Dear friends and neighbors,
In the time since I emailed you on Thursday about the two-week pause on social activities, we set another new record of positive COVID-19 cases in both Oregon and Multnomah County. This surge in cases is threatening to overwhelm our local hospitals.
In response, the governor on Nov. 13 issued further measures for all Oregon counties. For Multnomah County residents, this means that we should plan to stay home as much as possible for a minimum of four weeks, at least until Wednesday, Dec. 16.
Limit your outings to essential tasks: getting groceries, picking up medication or caring for others. When you are outside, maintain 6 feet of distance between you and anyone who is not part of your immediate household. Work from home whenever possible.
And perhaps most importantly, please cancel your social plans immediately. COVID-19 thrives on proximity. We can effectively slow the spread by depriving the virus of contact between those carrying the virus and those who aren’t.
These measures will also allow Multnomah County to strategically direct our limited resources toward our efforts to help those who are most impacted by the virus, including long-term care residents and staff, people who work in conditions that put them at a higher risk of transmission, and members of Black, Indigenous or other communities of color.
These next four weeks, and possibly beyond, will be difficult for everyone, especially as many of us face the task of adapting or cancelling Thanksgiving plans. But the cost of not taking these steps is too high to risk. Our models show that we will see thousands more cases per week by the end of November if we don’t implement these measures now, stretching our hospitals beyond their capacity and taking up resources for hospitals’ other life-saving functions.
I also know that our local businesses and restaurants will feel a unique and particularly heavy burden.
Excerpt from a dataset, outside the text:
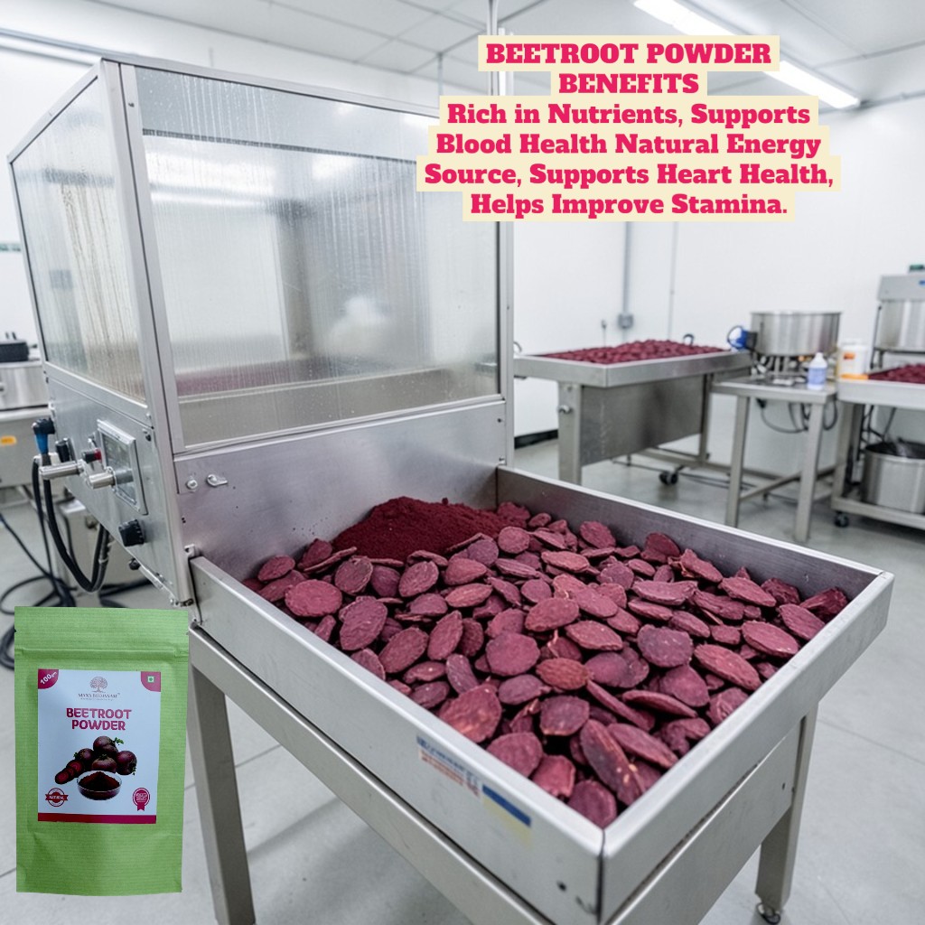Mana Bhojanam Beetroot Powder (Dry) is prepared from fresh, high-quality beetroot that is carefully cleaned, sliced, naturally dried, and finely powdered using traditional methods. This process helps retain natural colour, flavour, and nutritional goodness. Beetroot powder is rich in antioxidants and essential nutrients and is commonly used in health drinks, smoothies, porridges, and cooking. Free from preservatives, artificial colours, and additives, it offers pure and natural nutrition for all age groups.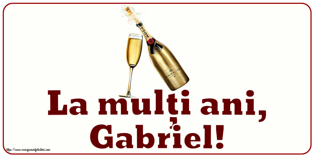 La mulți ani, Gabriel! In fiecare an, pe data de 8 noiembrie, Biserica cinsteste Soborul Sfintilor Mihail si Gavriil si a tuturor Puterilor ceresti celor fara de trupuri. Trimite si tu un gand frumos intr-o felicitare tuturor care porta numele Sfintii Mihail si Gavril! ~ șampanie cu pahar

I am working with our Government Relations team to push the Oregon Legislature to call a special session as soon as possible to discuss legislation that could help small businesses and employees weather this storm, including the renewal of a commercial eviction moratorium, expansion of unemployment benefits and other supportive measures.
Further, the federal government continues its shocking silence: while the Republican leadership in the Senate has yet to make a serious effort at providing relief to renters, homeowners, small business owners and local governments, the presidential administration has punted its responsibility to provide states with meaningful support and guidance. Still, Multnomah County will do all we can, with all we have, to protect the health and well-being of our community.
What we do now directly affects what we will — or won't — be able to do later this winter. With the community's full cooperation over the next four weeks, we can give ourselves the best chance at slowing the spread and protecting each other's health, our hospital capacity and the safety of essential frontline workers.
This is our opportunity to take aggressive action against the surge. Let’s make it worth the effort.